# Simple Neural Network in Python using TensorFlow

<center><span style=
  "
  font-size: 50px; 
  font-weight: bold;
  color: Yellow;
  text-decoration: underline;
  text-decoration-color: White;
  "
>
   Activation Functions <!--  paste your text -->
  </span></center>


---

| Activation Function | Common Use | Advantages | Disadvantages |
|---|---|---|---|
| Sigmoid / Logistic | Predicting the probability as output | Outputs between 0 and 1, useful for binary classification, differentiable and provides smooth gradient | Suffers from vanishing gradient problem, output not symmetric around zero |
| Tanh (Hyperbolic Tangent) | Hidden layers of neural network | Output is zero-centered, helps centering the data | Suffers from vanishing gradient problem, gradient is steeper compared to sigmoid |
| ReLU (Rectified Linear Unit) | Hidden layers of neural network | Computationally efficient, accelerates convergence of gradient descent | Suffers from "dying ReLU" problem, all negative input values become zero |
| Leaky ReLU | To avoid dying ReLU problem | Enables backpropagation for negative input values, avoids dead neurons | Predictions may not be consistent for negative input values, learning of model parameters is time-consuming |
| Parametric ReLU | When Leaky ReLU fails at solving dead neurons problem | Slope of the negative part can be learnt during backpropagation | Performance varies depending on the value of slope parameter 'a' |
| Exponential Linear Units (ELUs) | Modifies slope of the negative part of the function | Smoothly approaches the value of -α for negative inputs, avoids dead ReLU problem | Increases computational time, no learning of the 'a' value, suffers from exploding gradient problem |
| Softmax | Output layer of classifier to represent probability distribution | Output is a probability distribution over 'n' classes | Limitations when dealing with non-exclusive classes |



In [None]:
# pip install pandas numpy matplotlib seaborn plotly scikit-learn scipy tensorflow

## Steps before Creating a Neural Network (Preprocess the Data)

In [None]:
# import libraries
import pandas as pd
import seaborn as sns
from sklearn.model_selection import train_test_split
from sklearn.preprocessing import StandardScaler
import tensorflow as tf

### Preprocessing

In [None]:
#remove warnings
import warnings
warnings.filterwarnings('ignore')

# Load Titanic dataset
titanic = sns.load_dataset('titanic')

# Preprocessing
# Dropping rows with missing 'age' and 'embarked' values
titanic.dropna(subset=['age', 'embarked'], inplace=True)

# Converting categorical variables to dummy variables
titanic = pd.get_dummies(titanic, columns=['sex', 'embarked', 'class', 'who', 'deck'], drop_first=True)
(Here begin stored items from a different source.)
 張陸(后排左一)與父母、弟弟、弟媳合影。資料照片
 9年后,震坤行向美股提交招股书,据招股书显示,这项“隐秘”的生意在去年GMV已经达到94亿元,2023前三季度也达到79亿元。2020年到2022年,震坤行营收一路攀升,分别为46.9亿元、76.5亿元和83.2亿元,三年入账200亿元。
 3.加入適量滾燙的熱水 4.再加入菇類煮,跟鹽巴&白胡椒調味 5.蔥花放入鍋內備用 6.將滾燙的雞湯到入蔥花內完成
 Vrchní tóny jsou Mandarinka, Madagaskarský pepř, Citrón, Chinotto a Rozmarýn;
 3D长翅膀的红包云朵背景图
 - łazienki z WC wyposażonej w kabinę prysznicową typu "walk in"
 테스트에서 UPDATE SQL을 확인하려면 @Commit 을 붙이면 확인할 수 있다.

# Selecting features and target
X = titanic.drop(['survived', 'alive', 'embark_town', 'adult_male', 'alone'], axis=1)
y = titanic['survived']

# Splitting the dataset
X_train, X_test, y_train, y_test = train_test_split(X, y, test_size=0.2, random_state=42)

# Standardizing the data
scaler = StandardScaler()
X_train = scaler.fit_transform(X_train)
X_test = scaler.transform(X_test)

In [None]:
X_train.shape

### Building the model

In [None]:
# define the layers of the model
input_layer = tf.keras.layers.Dense(10, # Number of neurons (units) in this layer — this layer will output a vector of size 10
                                    activation='relu', # The activation function for this layer, which introduces non-linearity to the model
                                    input_shape=(X_train.shape[1],) # Shape of the input vector. i.e; number of features in X_train
                                    )
# So this input layer will accept an input vector of size 18 (i.e., number of features), and output a vector of size 10

# Most of the time, "units" in the input layer are equal to the number of features in the dataset. It could also be multiple of the number of features, like 2x, 3x, etc. depending on the complexity of the dataset.
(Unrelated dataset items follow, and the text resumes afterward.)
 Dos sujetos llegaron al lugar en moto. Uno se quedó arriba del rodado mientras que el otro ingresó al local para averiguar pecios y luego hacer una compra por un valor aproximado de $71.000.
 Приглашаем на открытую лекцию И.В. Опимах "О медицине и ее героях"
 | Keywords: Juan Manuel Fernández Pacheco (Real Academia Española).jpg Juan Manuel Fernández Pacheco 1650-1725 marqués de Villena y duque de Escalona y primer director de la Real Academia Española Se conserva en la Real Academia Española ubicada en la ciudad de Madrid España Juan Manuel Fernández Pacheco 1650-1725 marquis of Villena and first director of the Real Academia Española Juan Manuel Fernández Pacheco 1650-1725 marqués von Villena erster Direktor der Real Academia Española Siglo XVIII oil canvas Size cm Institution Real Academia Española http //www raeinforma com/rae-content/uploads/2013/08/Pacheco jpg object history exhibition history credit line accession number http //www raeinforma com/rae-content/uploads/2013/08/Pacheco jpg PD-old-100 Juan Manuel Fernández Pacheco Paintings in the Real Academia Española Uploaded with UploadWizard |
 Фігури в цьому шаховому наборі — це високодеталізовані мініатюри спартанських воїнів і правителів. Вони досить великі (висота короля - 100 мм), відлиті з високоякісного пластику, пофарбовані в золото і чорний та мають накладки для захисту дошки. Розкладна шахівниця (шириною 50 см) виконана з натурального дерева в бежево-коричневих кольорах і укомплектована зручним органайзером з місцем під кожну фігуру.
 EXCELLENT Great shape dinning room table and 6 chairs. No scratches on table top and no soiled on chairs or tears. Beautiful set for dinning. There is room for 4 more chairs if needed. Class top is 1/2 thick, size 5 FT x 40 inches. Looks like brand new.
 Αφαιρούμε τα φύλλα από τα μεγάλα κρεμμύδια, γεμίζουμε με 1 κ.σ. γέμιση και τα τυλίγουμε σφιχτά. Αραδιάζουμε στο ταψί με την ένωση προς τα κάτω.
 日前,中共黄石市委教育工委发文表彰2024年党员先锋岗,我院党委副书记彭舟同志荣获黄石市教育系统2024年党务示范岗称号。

############ ANOTHER WAY TO DEFINE INPUT LAYER ############
# input_layer = tf.keras.layers.Input(shape=(X_train.shape[1],)) # Input layer

In [None]:
# hidden_layer = tf.keras.layers.Dense(10, activation='relu') # hidden layer

# number of hidden layers and neurons also depends on number of features and complexity of the dataset.

# Mostly non-linear activation functions are used in hidden layers. Most commenly used is relu and then, sigmoid and tanh.
# Usually, all hidden layers contain same activation function.
# Neural network types MLP and CNN make use of ReLU activation function while Recurrent networks still commonly use Tanh and Sigmoid activation functions

In [None]:
output_layer = tf.keras.layers.Dense(1, # Number of neurons (units) in this layer = 1 (because you're doing binary classification)
                                     activation='sigmoid' # The activation function for this layer, which is suitable for binary classification tasks (like 0 or 1)
                                     )
# So this layer takes input (10 values from previous layer), combines them using weights and bias, applies sigmoid, and gives output between 0 and 1.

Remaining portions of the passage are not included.